6. Enfin, le recourant est en possession de documents suffisants pour rentrer dans son pays ou, à tout le moins, est en mesure d'entreprendre toute démarche nécessaire auprès de la représentation de son pays d'origine en vue de l'obtention de documents de voyage lui permettant de quitter la Suisse. L'exécution du renvoi ne se heurte donc pas à des obstacles insurmontables d'ordre technique et s'avère également possible (cf. ATAF 2008/34 consid. 12 p. 513-515). 7. 7.1 Au vu de ce qui précède, c'est à bon droit que l'ODM a levé l'admission provisoire du recourant et ordonné l'exécution de son renvoi. 7.2 Il s'ensuit que le recours doit être rejeté.

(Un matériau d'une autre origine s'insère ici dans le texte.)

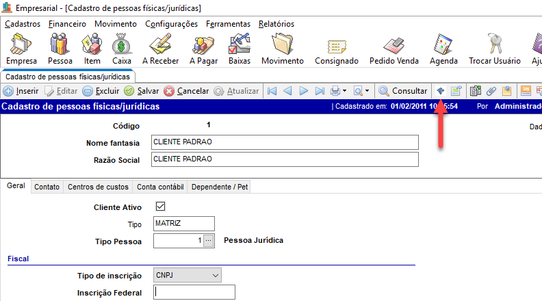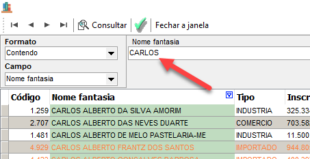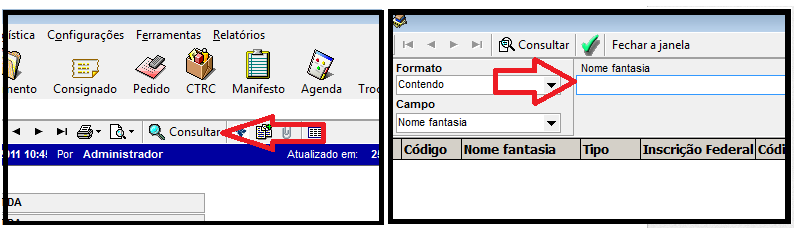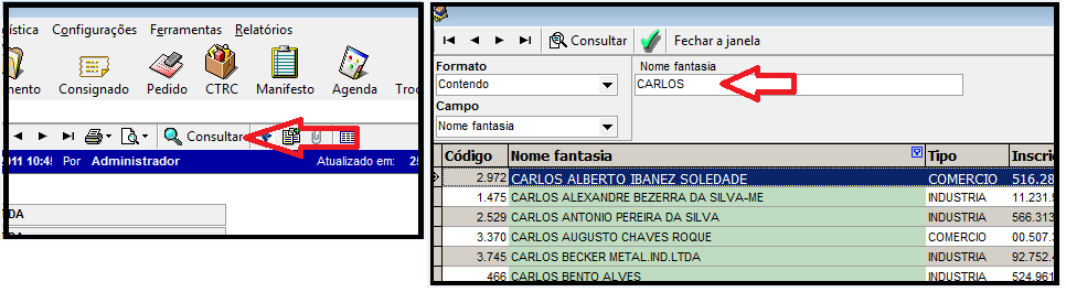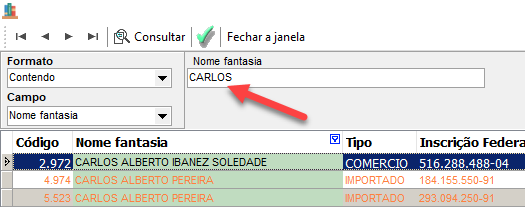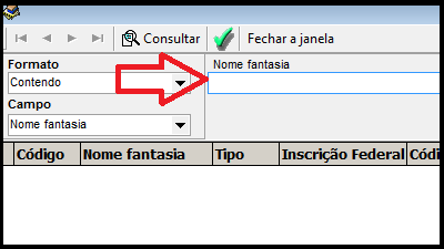 Para consultar um cadastrado pré-existente, clique no botão Consultar, irá exibir uma tela

8. Au vu de l'issue de la cause, il y a lieu de mettre les frais de procédure à la charge du recourant, conformément aux art. 63 al. 1 PA et 2 et 3 let. b du règlement du 21 février 2008 concernant les frais, dépens et indemnités fixés par le Tribunal administratif fédéral (FITAF, RS 173.320.2). Ces frais sont entièrement couverts par l'avance de frais déjà versée. (dispositif : page suivante) Par ces motifs, le Tribunal administratif fédéral prononce :
1. Le recours est rejeté.
2. Les frais de procédure, d'un montant de 600 francs, sont mis à la charge du recourant. Ce montant doit être compensé avec l'avance de frais déjà versée de 600 francs.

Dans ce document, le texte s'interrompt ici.